Lawrence Cohen, a cultural anthropologist, echoed that position and added that tight budgets and significant responsibilities among the department’s members limited the pool of possible chairs. “So,” he wrote in an e-mail, “for a year we have someone from a much larger department helping.”
Nor is every member of the senior generation in agreement with the dissenters. Nelson H. Graburn, a professor emeritus, said that he strongly supported Ms. Hayden and that Ms. Berry struck him as “very straightforward and on the level.”
The Dean’s Role
At Berkeley, deans have the authority to appoint department chairs. That is done in consultation with the faculty members, but because anthropology is unusually factionalized—with archaeologists and cultural anthropologists essentially running parallel operations within the department, for instance—administrators have for years played an outsize role in such appointments. In more-homogenous departments, professors present their own candidates for ratification. Administrators have selected the three anthropology chairs preceding Ms. Berry, after soliciting nominations, Berkeley professors said, but this is the first time they’ve gone outside the department.

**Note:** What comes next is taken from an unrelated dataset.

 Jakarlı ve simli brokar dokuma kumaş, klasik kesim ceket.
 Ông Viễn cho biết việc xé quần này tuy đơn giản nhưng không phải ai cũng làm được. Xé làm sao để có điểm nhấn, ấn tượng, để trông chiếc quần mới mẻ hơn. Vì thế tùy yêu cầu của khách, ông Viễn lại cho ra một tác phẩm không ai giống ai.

Ms. Hayden, the anthropologist who will become chair in 2014, declined to comment, and Ms. Berry, the historian set to run the department starting in the fall, sent an e-mail saying she looked forward to serving the interests of the “luminous department.”
The critics aired their concerns at a meeting with Dean Hesse last week. They have gone so far as to use the word “receivership” to describe the situation, a hot-button term typically deployed when administrators bring in outside leadership to rebuild basket-case departments. Ms. Hesse and most professors in the department completely reject that characterization, but critics of the appointment see a slippery slope. Ms. Nader asks, “Can a nonanthropologist represent anthropological interests to the administration?”

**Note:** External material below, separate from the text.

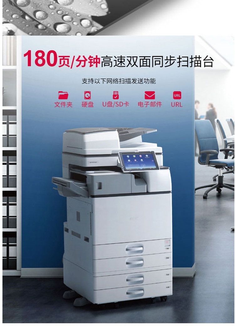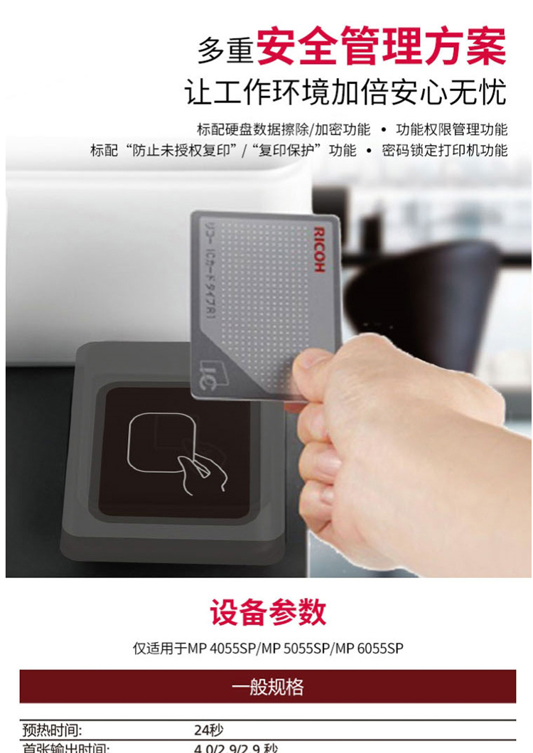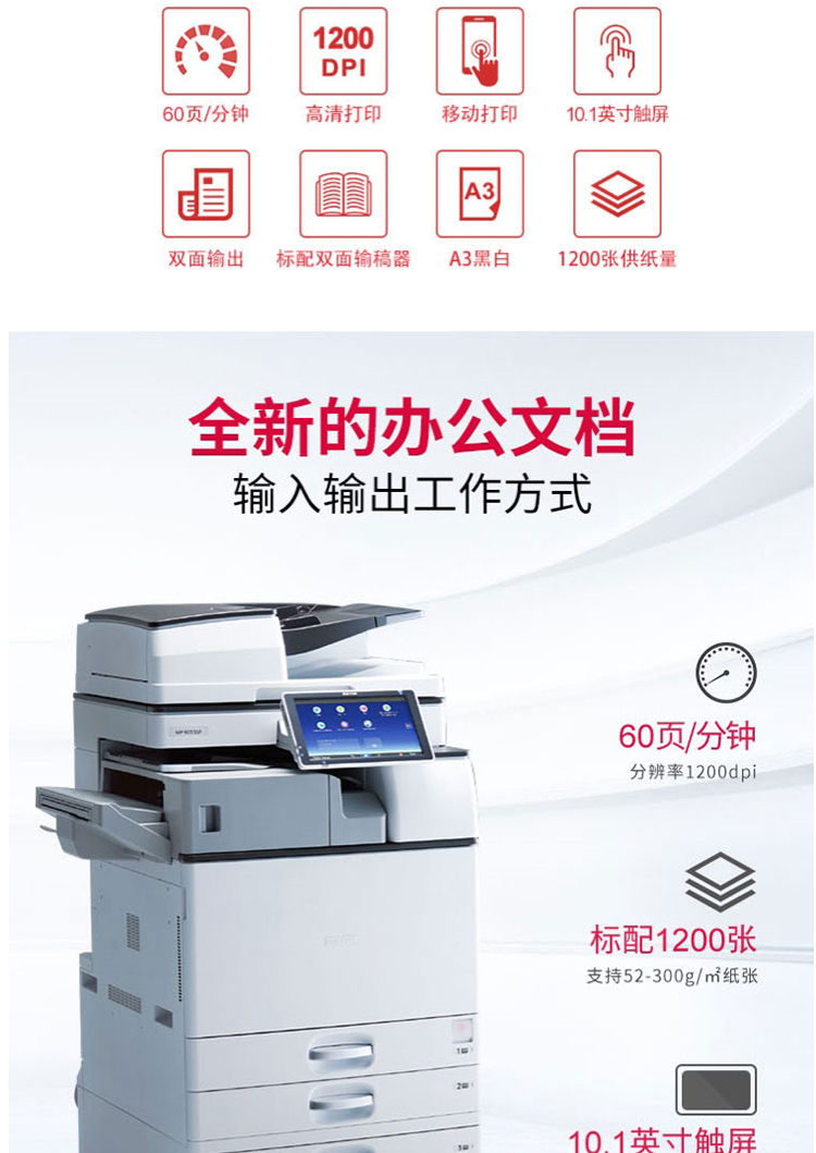 • 商品名称:理光 MP6055SP 黑白中速数码复合机(输稿器+双面+双纸盒+底柜)

Berkeley was rated third among graduate anthropology departments in 1995 by the National Research Council and highly—if not quite that highly—in the more-opaque 2010 rankings, with the decline possibly due to a number of early retirements.
In recent years, Berkeley anthropologists have been active in protests over rising tuition, and last year they assisted with a student occupation of the anthropology library, successfully fending off cuts in the library’s hours. Ms. Scheper-Hughes sees the chair decision as of a piece with a host of unwelcome developments at Berkeley. “This is what neoliberal is—nontransparency, ‘top down’ rather than ‘bottom up,’ and deciding that consensus is what the dean decides it is,” she said.
She looks back to a time when department members would have fierce intellectual debates and yet present a united front to the administration. “When you saw things happen, like a hire, that perhaps you wished didn’t happen, everyone felt a little burned, but you came back in the fall and literally everyone had their arms around people’s backs,” she said. “That kind of sociability seems to be destroyed.”
Tim D. White, a paleoanthropologist who moved his lab to the department of integrative biology in 1995, along with other biological anthropologists, argued that this notion of a golden era of rough comity “is a historical fiction.” In his view, after all, his own subfield was disowned by the department.
Jonathan Marks, an anthropologist at the University of North Carolina at Charlotte who spent three years at Berkeley, said that tension is a productive part of the DNA of Berkeley anthropology. “There are a lot of very brilliant people, and it’s kind of sad that they can’t all get along,” he said. “But if they ever did, they might lose the magic that is that department.”